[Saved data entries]
----------

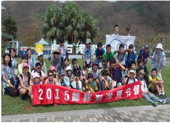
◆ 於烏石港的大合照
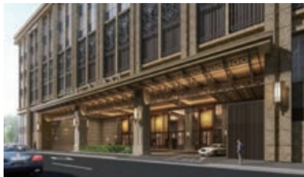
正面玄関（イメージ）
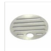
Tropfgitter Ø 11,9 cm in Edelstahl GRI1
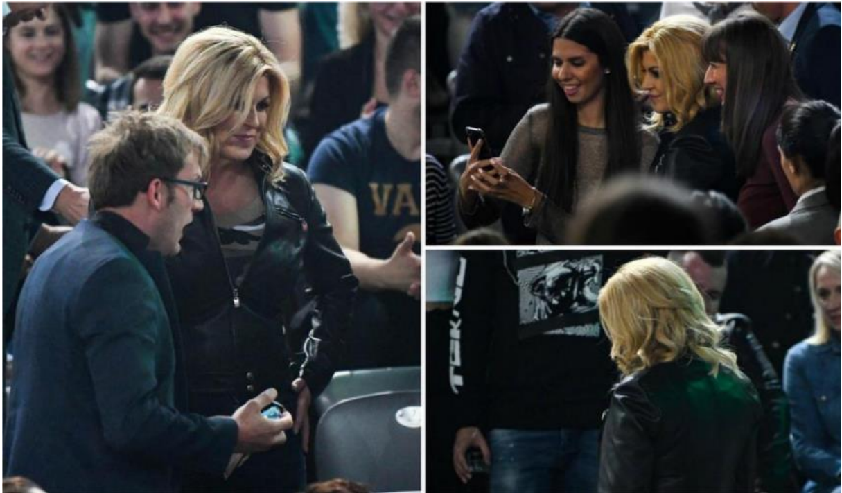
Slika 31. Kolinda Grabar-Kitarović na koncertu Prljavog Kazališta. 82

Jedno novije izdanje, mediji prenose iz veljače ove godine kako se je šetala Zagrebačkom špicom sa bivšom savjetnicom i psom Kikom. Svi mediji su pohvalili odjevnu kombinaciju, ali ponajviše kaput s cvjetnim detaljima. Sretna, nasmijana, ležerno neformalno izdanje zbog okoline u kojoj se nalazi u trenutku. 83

----------

# Your instructions
Please set down exactly the lines from the first line of the data above through the line with "Slika 31. Kolinda", both included, leaving out the pictures.

# Output below
◆ 於烏石港的大合照
正面玄関（イメージ）
Tropfgitter Ø 11,9 cm in Edelstahl GRI1
Slika 31. Kolinda Grabar-Kitarović na koncertu Prljavog Kazališta. 82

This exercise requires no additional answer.